Thanks, that does seem to make sense about how JSR works. How do you know so much about the 6502? Is this all documented somewhere or have you found this out from experience?

@@DavePoo a bit of both. I have a copy of "SY6500/MCS6500 microcomputer family programming manual" of August 1976 from Synertek (first edition (C) MOS Technology Inc 1975), but my first experience of 6502 programming was on a PET, even though I actually learnt 6502 from the Acorn Atom manual, followed by an ITT 2020 (an Apple ][ clone). I got to the stage where I could read (and write) directly in 6502 using hex (a result of only have memory access (for reading/writing) from the PET monitor in hex, and having to hand assemble code).

@@DavePoo Regarding the BRK command, it is one of 4 interrupts: IRQ, NMI, RESET, BRK They *all* do the same 7 clock cycles with minor changes to the first two cycles. During RESET the write is disabled (read held) during cycles 3-5 where the other interrupts write the current PC and P to the stack. Interestingly the address output during cycle 2 of a RESET is the address it output during cycle 1 plus 1 (as for BRK), but IRQ and NMI output the same PC in cycle 2 as cycle 1 which is the current PC. Wrt the B bit - I'm not sure if I read it in comments elsewhere in your videos' comments or elsewhere on the web but the P register only has 6 bits: the unused and B bits do not actually exist, which means that when the status register is pulled off the stack only the 6 bits of NVDIZC can be restored. If you look up the "undocumented" instructions (which are an effect of how the processor actually does things) you'll find 8F is described as storing the A register ANDed with the X register. What the 6502 is trying to do is store both the A and X registers at the same time;* the AND effect seems to comes from using TTL style logic gates which float high unless specifically pulled low - the bits are floating high (1) unless specifically pulled low (0), thus any 0 bit will "win" over a 1 bit (the AND effect). (A floating high unused P-bit would explain why it appears as a 1.) * technically 4 bits are used to select the register (for comparable op codes where the same "micro code" runs and the register is selected by the bits) - consider $8C - $8F: if bit 0 is set (regardless of the state of bit 1) the A is selected, if bit 1 is set (regardless of the state of bit 0) X is selected, if neither is set Y is selected; thus if both bits 0 and 1 are set then both A and X are selected. This is possibly due to cost saving in not fully decoding bits 0&1...the deep-internal workings regarding how each cycle is defined for an instruction is something I have only tickled on the surface, there is a web page explaining how the "undocumented" instructions occur which I skim-summarised here.

Possibly, it does seem a little odd that it does it. Whatever the reason, the 6502 designers wouldn't have had it do something for no reason. I suspected that the hardware that handles the break is the same hardware that does interrupts and they are just both rigged to work the same way which causes the weirdness.

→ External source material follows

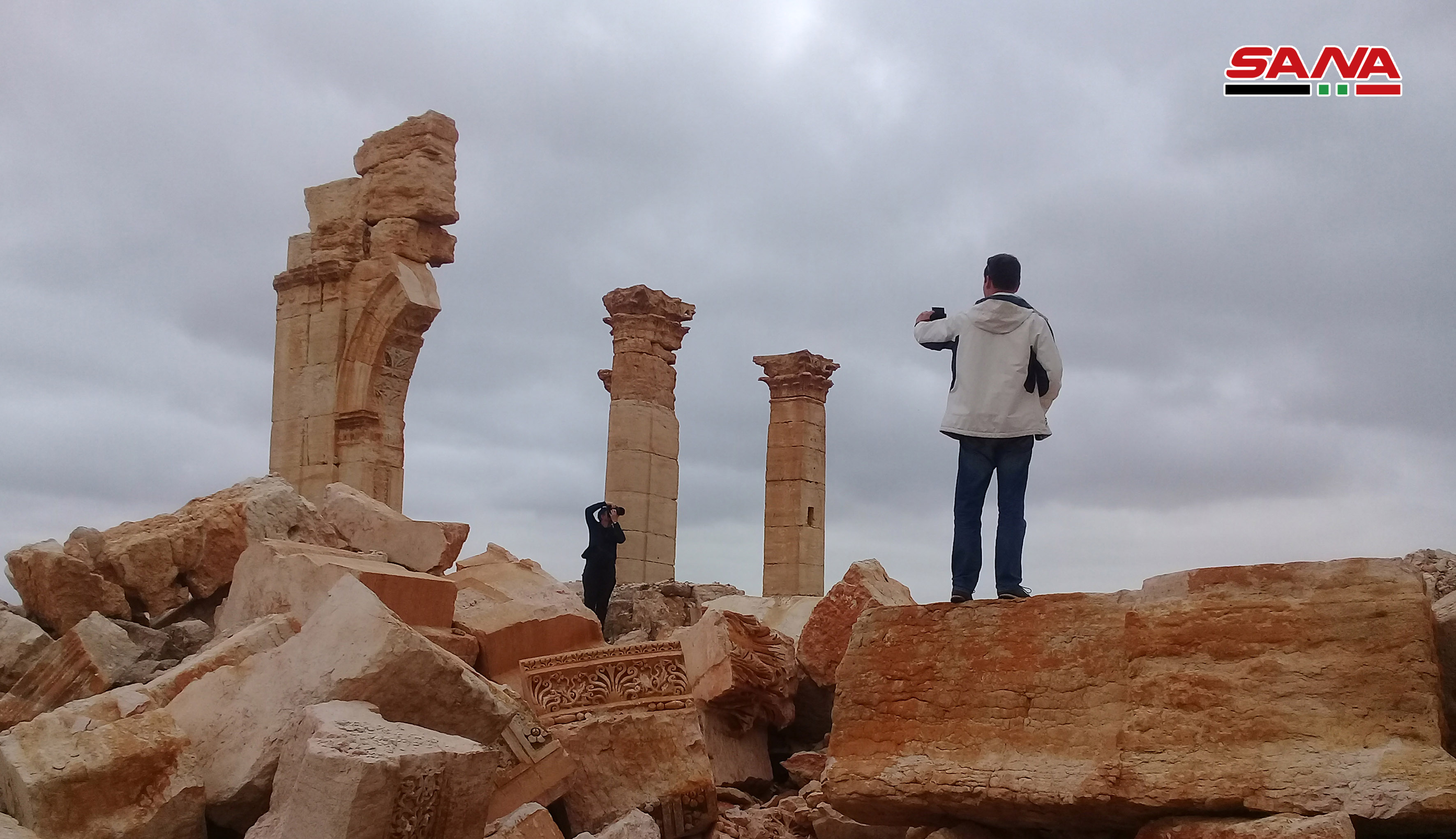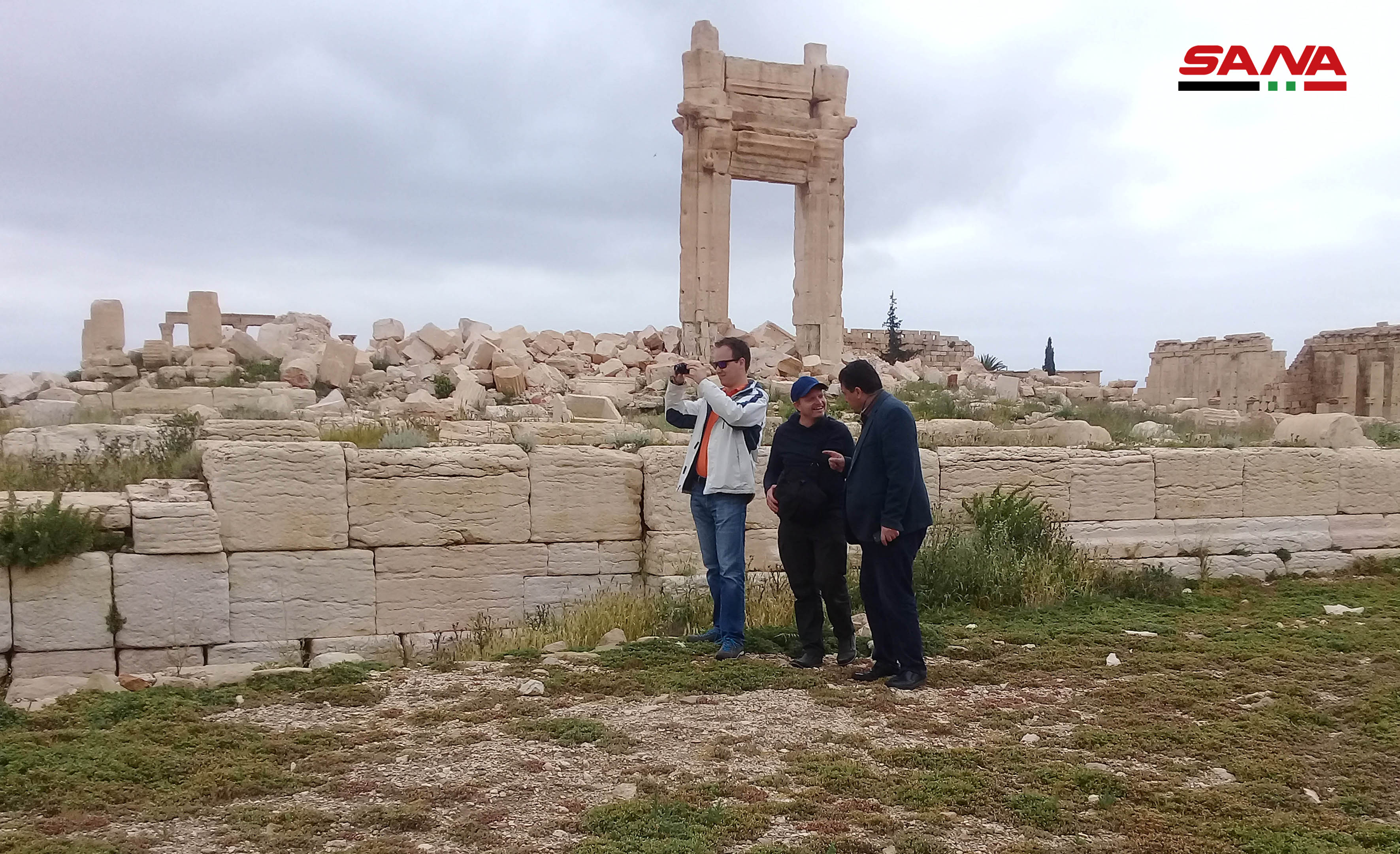 Los turistas recorrieron los principales monumentos históricos y documentaron la destrucción causada por los terroristas del Daesh que durante su ocupación de Palmira, procedieron a dinamitar el antiguo templo Bel, la fachada del anfiteatro romano y el tetrápilo.

@@DavePoo 2:10 On an interrupt the CPU forces a BRK instruction into the command pipeline, regardless of type (NMI or IRQ). The BRK instruction takes the same number of cycles as an external interrupt. The difference comes in the first 2 cycles. During an interrupt the first is used to finish off the instruction the processor was running; the second is used to force the BRK into the command pipeline. The I-flag is used to prevent even cycle 1 occurring if it is set and the interrupt was an IRQ. A BRK will be processed even if the I-flag is set. During an interrupt in those first 2 cycles the PC value is held. With a BRK instruction, the first cycle loads the BRK instruction from memory and increments PC (like a normal instruction). It appears that during cycle 2 the BRK instruction is interpreted with its first micro-code instruction to be set the B-flag and increase PC. From cycle 3 to 7 an interrupt and the BRK do the same micro-code: save PCL, PCH, P on stack (cycles 3-5), fetch address of routine (from vector at FFFE or FFFA) into PC (cycles 6-7) with the next cycle (cycle 8 since the interrupt started) starting the program at the new address. Due to a "feature", if a NMI interrupt happens at the same time as the BRK instruction the 6502 uses the NMI vector instead of the IRQ vector for the BRK instruction. When it comes to the RTI, when the processor status (P) is pulled off the stack (I think) the B-flag is forced to 0. (The I-flag wouldn't need to be forced as I think the statis is pushed before the I-flag is set, but I could be wrong.) When the CPU is reset it is executed as an interrupt except that during cycles 3-5 the write is disabled so that memory is not destroyed, but it does mean that the stack pointer is 3 bytes earlier (with wrap) than when the CPU was reset.

I could have done that, but I didn't want to emulate the emulator. I think I would consider double verifying my findings with another emulator once I got it working.